By distributing computing resources closer to the edge of the network, organisations can easily accommodate growing demands and adapt to changing requirements. Edge computing enables the addition of edge devices as needed, allowing for seamless scalability without significant infrastructure changes. This flexible architecture allows for efficient resource allocation, ensuring that computational power is allocated where it is needed most. It also provides the agility to scale up or down based on specific workloads or operational needs, optimizing resource utilisation and cost-effectiveness.

 

Edge computing also allows for localized processing and decision-making, reducing reliance on centralized systems. This decentralization of computing power enhances flexibility by enabling edge devices to operate autonomously even in the absence of continuous connectivity to a central server. Localised decision-making and processing ensure uninterrupted operations and faster response times, critical for applications that require real-time actions or instantaneous decision-making. With edge devices acting as edge gateways, organisations can easily incorporate new devices, sensors, or applications at the edge without disrupting the entire network. This flexibility enables organizations to adopt emerging technologies and leverage innovative solutions while maintaining compatibility with their existing infrastructure.

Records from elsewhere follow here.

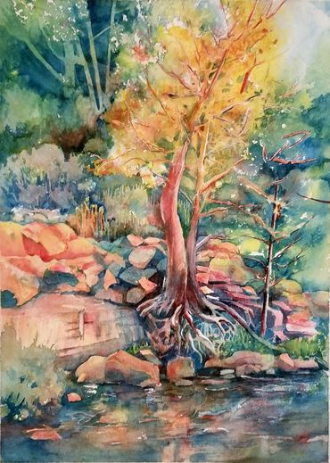 The sparkle of watercolor paintings has always attracted me. I like the way light bounces off the paper. I delight in applying color and beautiful shapes. I like line work and brush strokes.
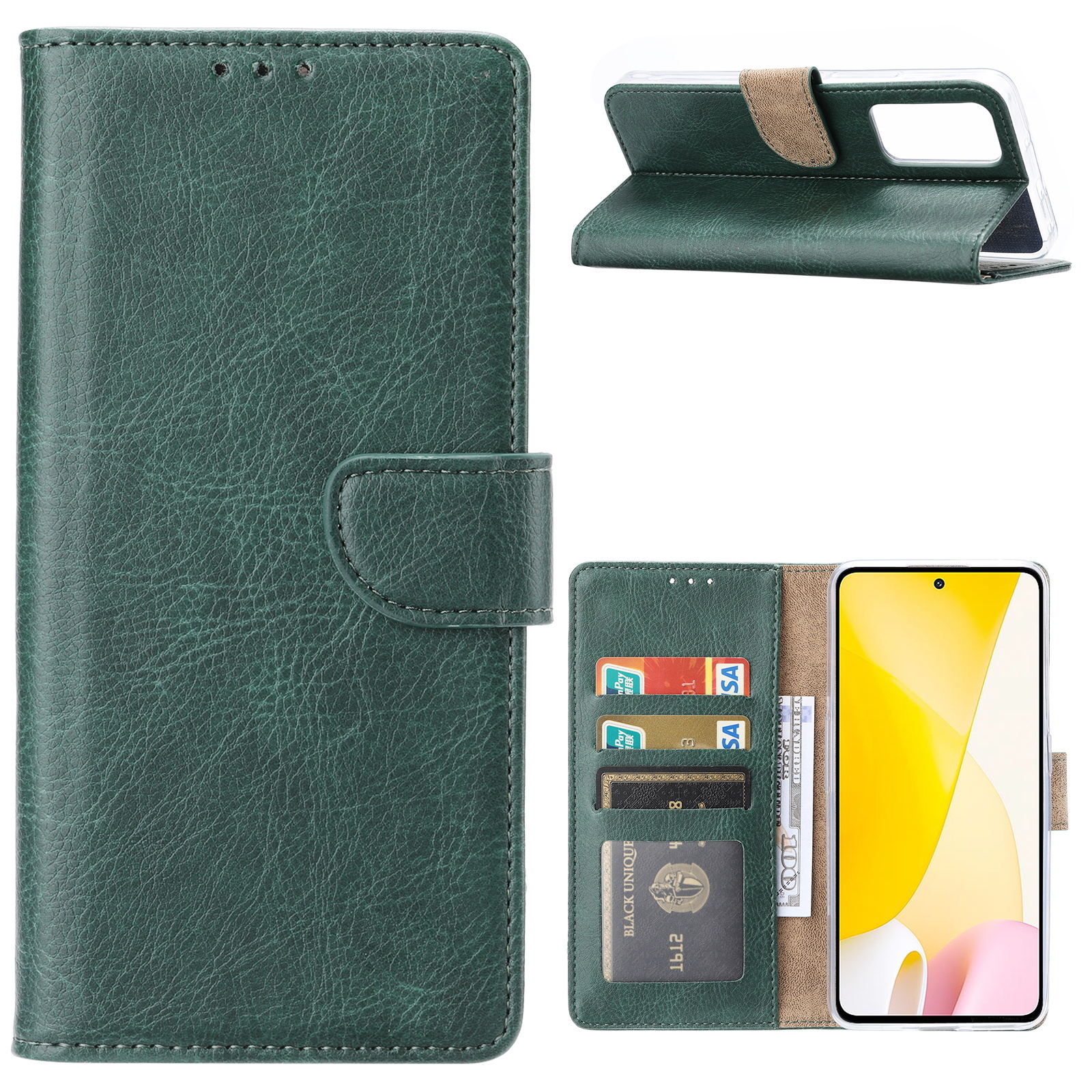 Hoesje Geschikt voor Xiaomi 12 Lite Hoesje met Pasjeshouder Groen - Hoesje Geschikt voor Xiaomi 12 Lite hoesje Luxe Booktype Portemonnee case
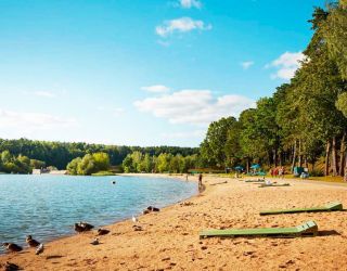 Самолетом до аэропорта г. Минск, далее на маршрутном такси №1400 до остановки «Станция метро Октябрьская», далее на маршрутном такси №1119 до остановки «Школа», далее пройти пешком 680 м до санатория.
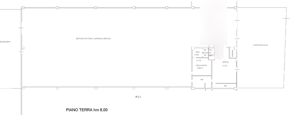 Trattasi di un capannone al piano terra composto da un ufficio, locale caldaia ripostigli, tre w.c., due antibagni, spogliatoio, locale deposito e corte esclusiva di 42,13mq.
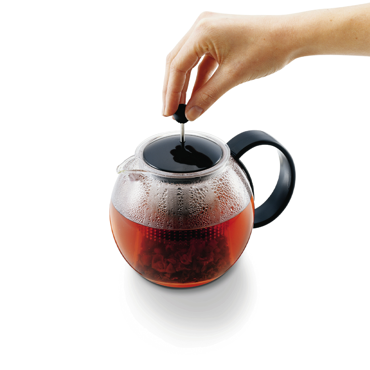 Do dzbanka należy wsypać herbatę, zalać gorącą wodą i pozostawić na 3 do 5 minut w przypadku herbaty czarnej lub 5 do 10 minut przy parzeniu herbat ziołowych i owocowych. Po uzyskaniu odpowiedniej mocy naparu należy opuścić tłok.
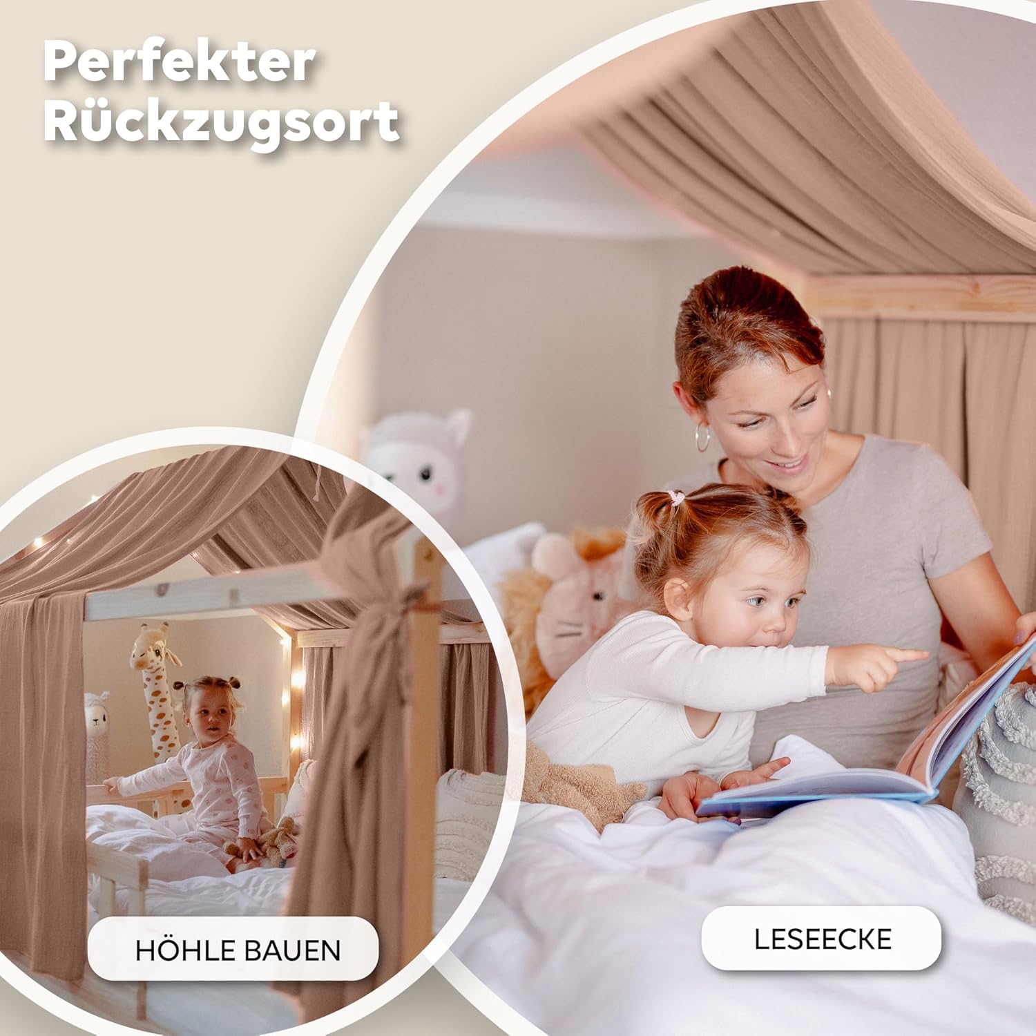 - ✨ 100% MUSSELIN BAUMWOLLE - Unser handgenähter Hausbett Himmel besteht aus weichem, atmungsaktivem Musselin Stoff und schafft eine kuschelige Atmosphäre für Kinder. Perfekt als himmlische Hausbett Deko.
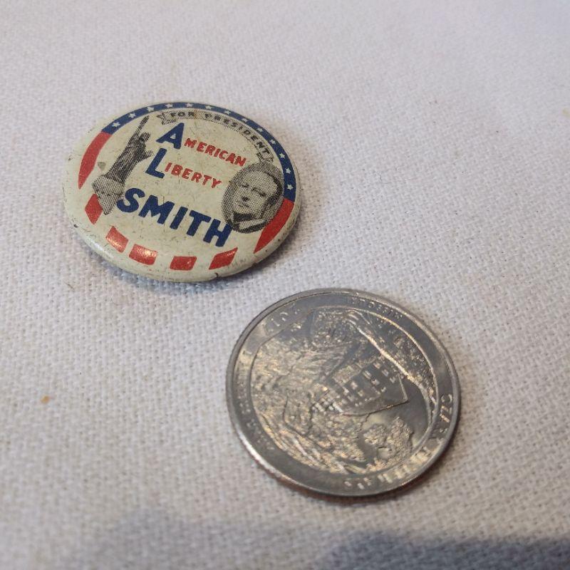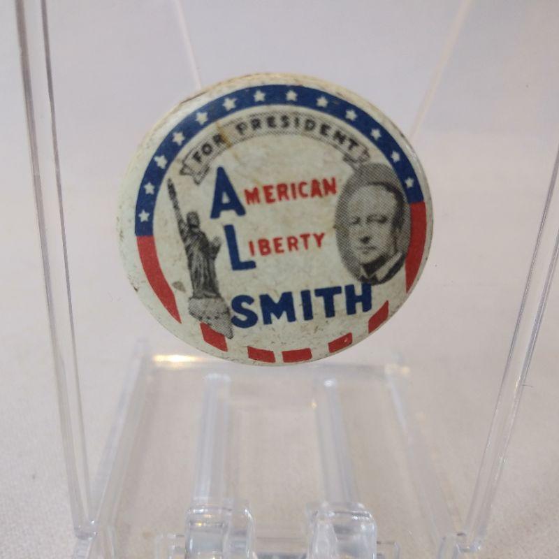 Al Smith Political Button. Al Smith for President - the first Roman Catholic candidate from a major political party. This is an original 1928 political button. It is in very good condition for its age. It is 1 1/2-inches in diameter. Reserve Price $10.

Edge-enabled Internet of Things (IoT)

Edge computing goes hand-in-hand with the Internet of Things IoT. The integration of edge computing with IoT deployments allows businesses to unlock the full potential of IoT deployments. A typical IoT system works by continuously sending, receiving, and analyzing data in a feedback loop. IoT apps might process data daily, hourly or in response to external triggers of time, aided by AI and ML algorithms to help derive insights from massive data volumes. But Edge computing allows IoT devices to process and analyse data locally and closer to where it is generated, allowing for faster response times and real-time data analytics while minimising reliance on cloud or centralized infrastructure. This real-time processing capability is especially critical in time-sensitive applications such as industrial automation, smart cities, and autonomous vehicles. 

 

As well as allowing for real-time data analytics across an IoT network, edge computing also makes IoT devices more scaleable distributing computational resources to the edge, enabling businesses to easily add or remove IoT devices as needed without significant infrastructure changes. This flexibility allows for efficient resource utilisation and supports the seamless expansion of IoT deployments, while also reducing data transmission and storage costs by filtering and aggregating data at the edge, sending only relevant information to the cloud or centralised systems.